DPR resmikan UU PDP (net) 

WELFARE.id-Rancangan Undang-Undang Pelindungan Data Pribadi (RUU PDP) telah resmi disahkan menjadi Undang-Undang (UU) dalam Rapat Paripurna DPR RI Masa Persidangan I Tahun Sidang 2022-2023 pada hari ini Selasa, (20/9/2022). 

Pengesahan menjadi UUPDP dicapai dengan suara bulat. Saat Wakil Ketua DPR RI Korpolkam Lodewijk F Paulus yang memimpin sidang menanyakan persetujuan kepada setiap fraksi di DPR, seluruh peserta Rapat Paripurna langsung menjawab setuju. 

Wakil Ketua Komisi I DPR Abdul Kharis Almasyhari berharap, beleid baru tersebut menjadi payung hukum bagi warga negara dalam perlindungan data pribadi. "RUU tentang PDP benar-benar jadi landasan hukum yang kuat dan memastikan bahwa negara menjamin dan memastikan perlindungan data pribadi warganya," ujarnya. 

Kharis berharap UU ini mampu menjadi awal yang baik dalam menyelesaikan permasalahan kebocoran data pribadi di Indonesia. “Setelah pembahasan yang secara dinamis dari sebelumnya draf RUU yang disampaikan pemerintah terdiri dari 15 bab dan 72 pasal menjadi 16 bab dan 76 pasal. Komisi I DPR dalam proses pembahasan RUU tentang PDP proaktif dan responsif dengan melibatkan partisipasi masyarakat dan pemangku kepentingan terkait," tambahnya. 

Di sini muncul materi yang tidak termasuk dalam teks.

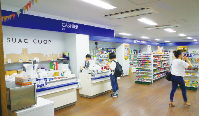 購買書籍店では、利用者の動線が交錯しにくいように販売機器や什器の配置を改めました。内装も本学のコーポレートカラーであるSUACブルーを基調とした、爽やかなイメージに変更。こだわりの教材コーナーでは、利用者へのアンケートやヒアリングをもとに品揃えを一新したほか、学生でも手に取りやすい価格の商品を採用し、店頭に揃えました。
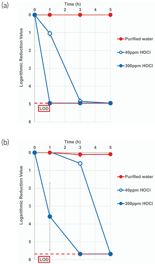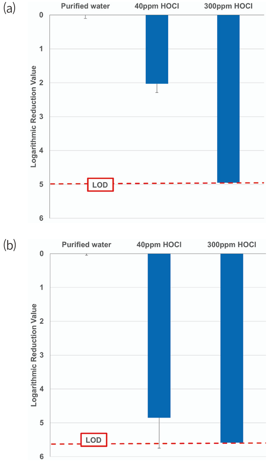 Fig. 3. Logarithmic reduction values of (a) carbapenem-resistant Acinetobacter baumannii (CRAB) and (b) multidrug resistant Pseudomonas aeruginosa (MRPA) after a 5-min exposure to 40 ppm and 300 ppm of sprayed HOCl (n = 3, mean ± SD). Purified water was used as negative control. HOCl, hypochlorous acid water; LOD, limit of detection.

Secara terperinci, sistematika dari RUU tentang PDP adalah sebagai berikut yaitu Bab I Ketentuan Umum, Bab 2 Asas, Bab 3 Jenis Data Pribadi, Bab 4 Hak subjek data pribadi, Bab 5 Pemrosesan Data Pribadi, Bab 6 Kewajiban Pengendalian Data Pribadi dan Prosesor Data Pribadi Dalam Pemrosesan Data Pribadi, Bab 7 Transfer Data Pribadi, Bab 8 Sanksi Administatif dan Bab 9 Kelembagaan, Bab 10 Kerja Sama Internasional, Bab 11 Partisipasi Masyarakat. 

Bab 12 Penyelesaian Sengketa dan Hukum Acara, Bab 13 Larangan Dalam Penggunaan Data Pribadi, Bab 14 Ketentuan Pidana, Bab 15 Ketentuan Peralihan terkahir Bab 16 Ketentuan Penutup. Selama dua tahun lebih Komisi I DPR berusaha keras melakukan pembahasan intensif dan berhasil menyepakati aspek-aspek substantif atas RUU PDP. 

“Kami selaku pimpinan Komisi I DPR RI menyampaikan terima kasih kepada pimpinan DPR RI, Anggota DPR, pimpinan Fraksi dan Pemerintah yang diwakili oleh Menkominfo, Mendagri dan Menkumham beserta jajarannya tak lupa kepada akademisi dan kalangan pers atas seluruh perhatian, masukan dan publikasi yang diberikan selama proses pembahasan berlangsung juga kepada Sekretariat Komisi I dan Setjen DPR RI,” katanya. 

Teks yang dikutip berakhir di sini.